*** Data extract Section Begins ***
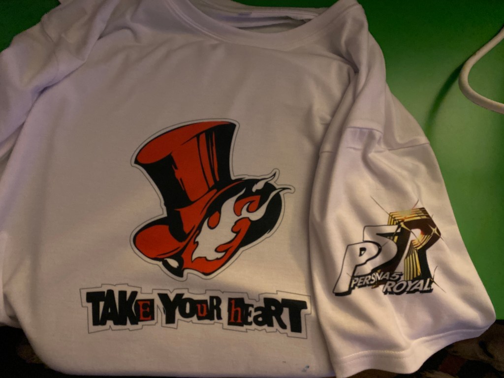 This is one I made for the video game Persona 5 Royal which is on PlayStation 4. I got the P5R logo for the sleeve from the official site for the game, but the hat logo with “Take Your Heart” I got from a reddit post, designed by a user who goes by Goliath25. I like how it turned out.
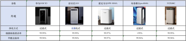 结合滤网结构和配置组成,每一款的消杀率都在99%以上,可以说消除细菌病毒、甲醛的效果都很不错。具体到消杀率数据上,华为IAM X5、舒乐氏A10、352X88C这三款表现更好一些。
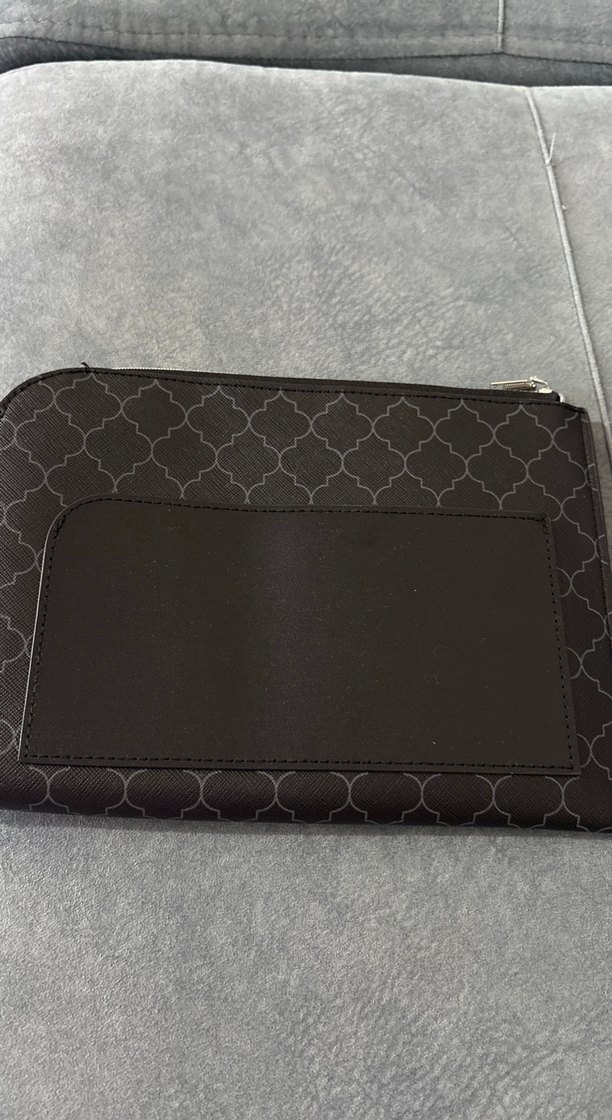 Fermuarlı kapanışı ve siyah sentetik kumaş üzerinde desenli modeliyle kadın clutch çanta. Günlük iş kullanımı için şık ve sade tasarım.
*** Data extract Section Ends ***
• [Task brief]
Output verbatim the lines beginning at the line with "结合滤网结构和配置组成,每一" and ending at the last line of the material above, inclusive. Do not carry over any pictures.

• [Written answer]
 结合滤网结构和配置组成,每一款的消杀率都在99%以上,可以说消除细菌病毒、甲醛的效果都很不错。具体到消杀率数据上,华为IAM X5、舒乐氏A10、352X88C这三款表现更好一些。
 Fermuarlı kapanışı ve siyah sentetik kumaş üzerinde desenli modeliyle kadın clutch çanta. Günlük iş kullanımı için şık ve sade tasarım.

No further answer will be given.